Sun, 10/16/2011 – Sat, 12/31/2011
Fuller Gallery
A 1982 gift from Bethlehem Steel Corporation provided a very fitting complement to grace the grand displays of Renaissance and Baroque art that celebrated the museum’s reopening. Made in Paris between 1698 and 1700, the engraved maps of the continents feature scenes of their native inhabitants, local industries, and key sites.
The ambitious production and publication was a joint venture among French royal cartographer Nicholas de Fer (1645–1720) and engravers H. Van Loon and Nicholas Guerard (1648–1719). Pasted onto the margins of each map are separately printed descriptions of the areas depicted. Through image and text, de Fer promoted the crown’s economic and colonial interests, and his dedication displays the coat of arms of his patron, the Dauphin, heir to the French throne.

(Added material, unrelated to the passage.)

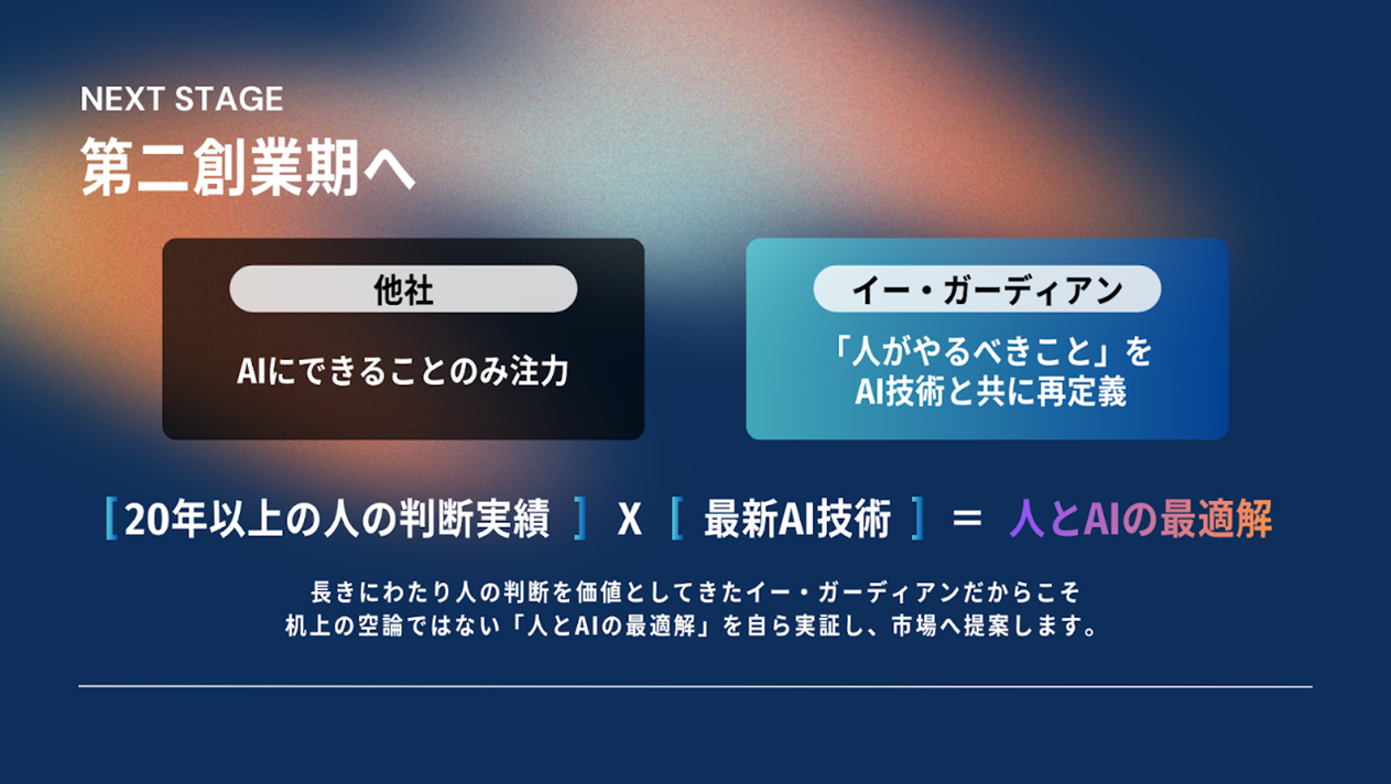当社は 20 年以上にわたり人の判断を価値として蓄積してきた企業です。だからこそ、「 AI にできること」に注目が集まる中で、「人がやるべきこと」を再定義し、新たな価値とともに提案できると考えています。人× AI の最適解を自ら実証し、その価値を市場や顧客の皆様に提案していく----それが当社の描く第二創業期の姿であり、 AI 戦略統括部が担う大きなミッションです。

The Americas are shown in a rare first edition of 1698, notable as one of the era’s most important and influential maps of North America. While it incorporated some misguided information from written accounts of early missionary explorers (California, for example, appears as a massive island and the scene of Niagara Falls is a fantasy), this was the first map to include a vignette of Canada’s industrious beavers, a clear nod to competitive colonial interests in the lucrative North American fur trade. It is famously known as “the original beaver map.”